[[ RAW DATA, beginning ]]
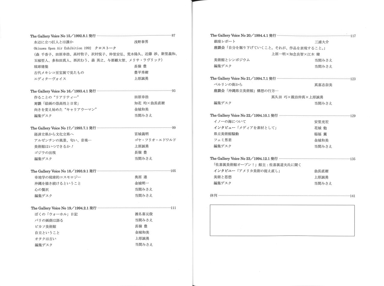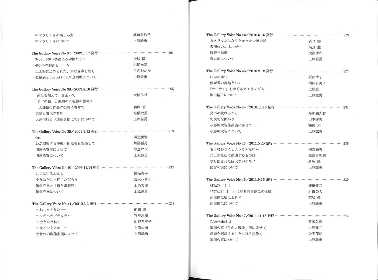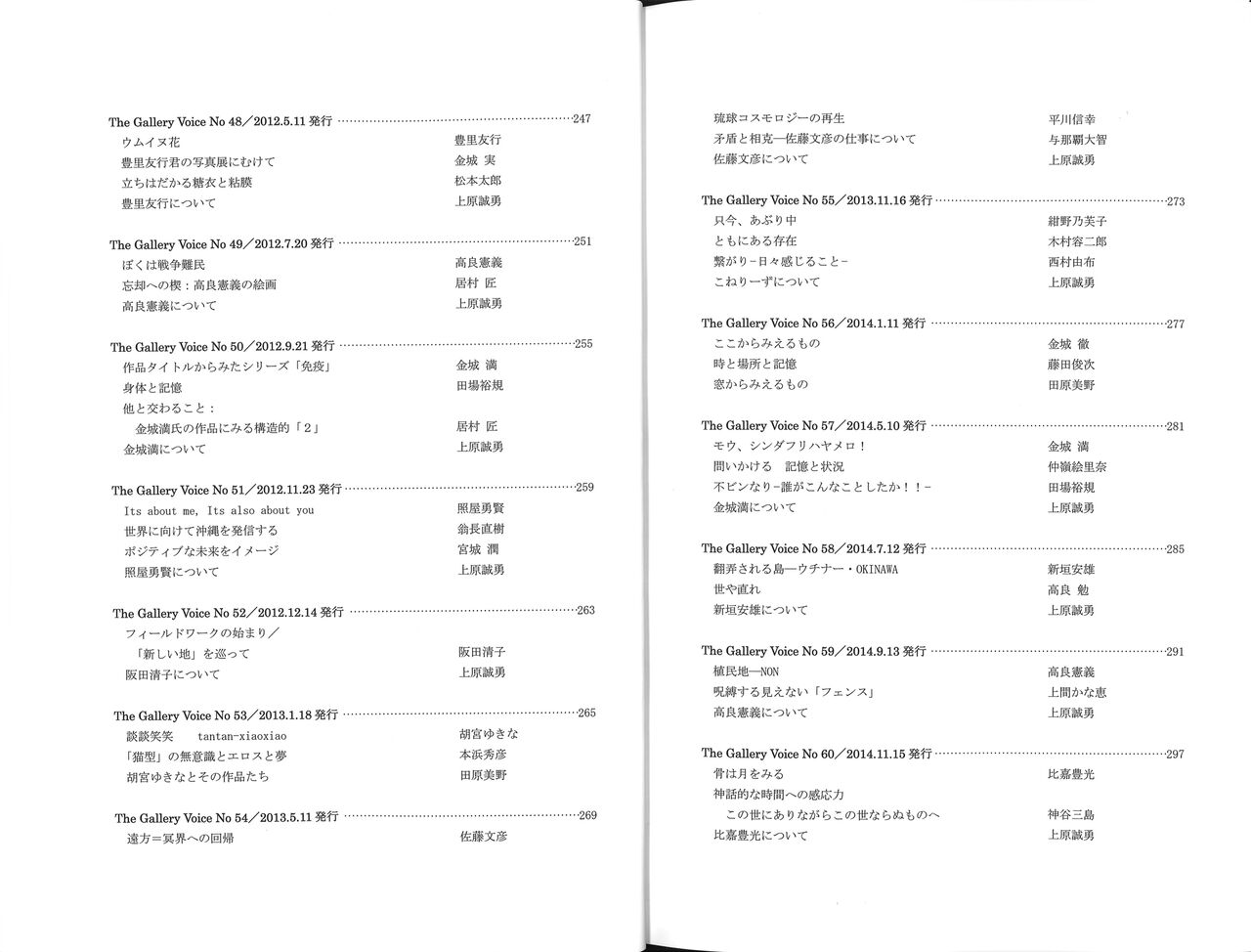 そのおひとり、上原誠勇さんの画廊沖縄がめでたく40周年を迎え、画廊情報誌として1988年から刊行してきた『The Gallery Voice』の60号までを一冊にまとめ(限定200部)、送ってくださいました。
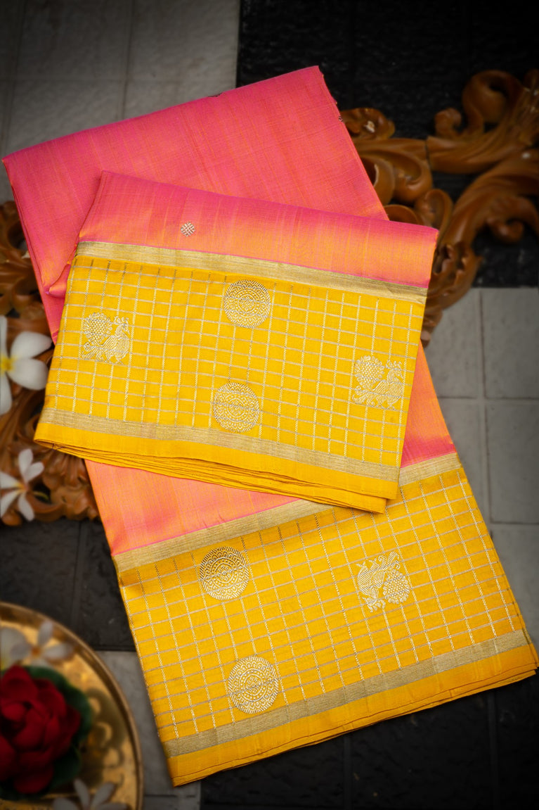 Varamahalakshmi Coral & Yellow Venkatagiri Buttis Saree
[[ RAW DATA, end ]]
[[ RAW DATA, beginning ]]
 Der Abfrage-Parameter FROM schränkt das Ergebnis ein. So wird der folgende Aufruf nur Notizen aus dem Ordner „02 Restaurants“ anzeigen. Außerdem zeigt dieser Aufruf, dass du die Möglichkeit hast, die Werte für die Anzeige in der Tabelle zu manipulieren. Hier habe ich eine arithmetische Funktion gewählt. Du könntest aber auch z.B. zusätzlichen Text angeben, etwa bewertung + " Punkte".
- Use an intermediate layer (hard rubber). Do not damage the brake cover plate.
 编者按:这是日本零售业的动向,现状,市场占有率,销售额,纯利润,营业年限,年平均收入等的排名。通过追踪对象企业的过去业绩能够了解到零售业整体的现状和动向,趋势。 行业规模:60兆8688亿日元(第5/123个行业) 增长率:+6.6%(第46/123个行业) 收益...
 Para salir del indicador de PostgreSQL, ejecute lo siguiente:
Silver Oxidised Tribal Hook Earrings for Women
[[ RAW DATA, end ]]
[[ RAW DATA, beginning ]]
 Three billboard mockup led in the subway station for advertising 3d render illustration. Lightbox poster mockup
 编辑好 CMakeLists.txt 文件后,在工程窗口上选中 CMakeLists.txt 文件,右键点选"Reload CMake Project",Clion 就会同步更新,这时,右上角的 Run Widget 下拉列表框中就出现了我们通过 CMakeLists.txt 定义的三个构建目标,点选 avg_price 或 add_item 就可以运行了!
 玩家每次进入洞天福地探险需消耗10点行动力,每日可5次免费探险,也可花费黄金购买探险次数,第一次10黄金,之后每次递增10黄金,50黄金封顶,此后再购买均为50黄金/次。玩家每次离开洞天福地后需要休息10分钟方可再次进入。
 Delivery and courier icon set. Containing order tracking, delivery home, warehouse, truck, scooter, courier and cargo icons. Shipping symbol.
[[ RAW DATA, end ]]
YOUR INSTRUCTIONS: Give again, word for word, every line of the listing above from the one with "Der Abfrage-Parameter FROM" to the one with "Silver Oxidised Tribal", both inclusive, and nothing beyond them.

YOUR SOLUTION:
 Der Abfrage-Parameter FROM schränkt das Ergebnis ein. So wird der folgende Aufruf nur Notizen aus dem Ordner „02 Restaurants“ anzeigen. Außerdem zeigt dieser Aufruf, dass du die Möglichkeit hast, die Werte für die Anzeige in der Tabelle zu manipulieren. Hier habe ich eine arithmetische Funktion gewählt. Du könntest aber auch z.B. zusätzlichen Text angeben, etwa bewertung + " Punkte".
- Use an intermediate layer (hard rubber). Do not damage the brake cover plate.
 编者按:这是日本零售业的动向,现状,市场占有率,销售额,纯利润,营业年限,年平均收入等的排名。通过追踪对象企业的过去业绩能够了解到零售业整体的现状和动向,趋势。 行业规模:60兆8688亿日元(第5/123个行业) 增长率:+6.6%(第46/123个行业) 收益...
 Para salir del indicador de PostgreSQL, ejecute lo siguiente:
Silver Oxidised Tribal Hook Earrings for Women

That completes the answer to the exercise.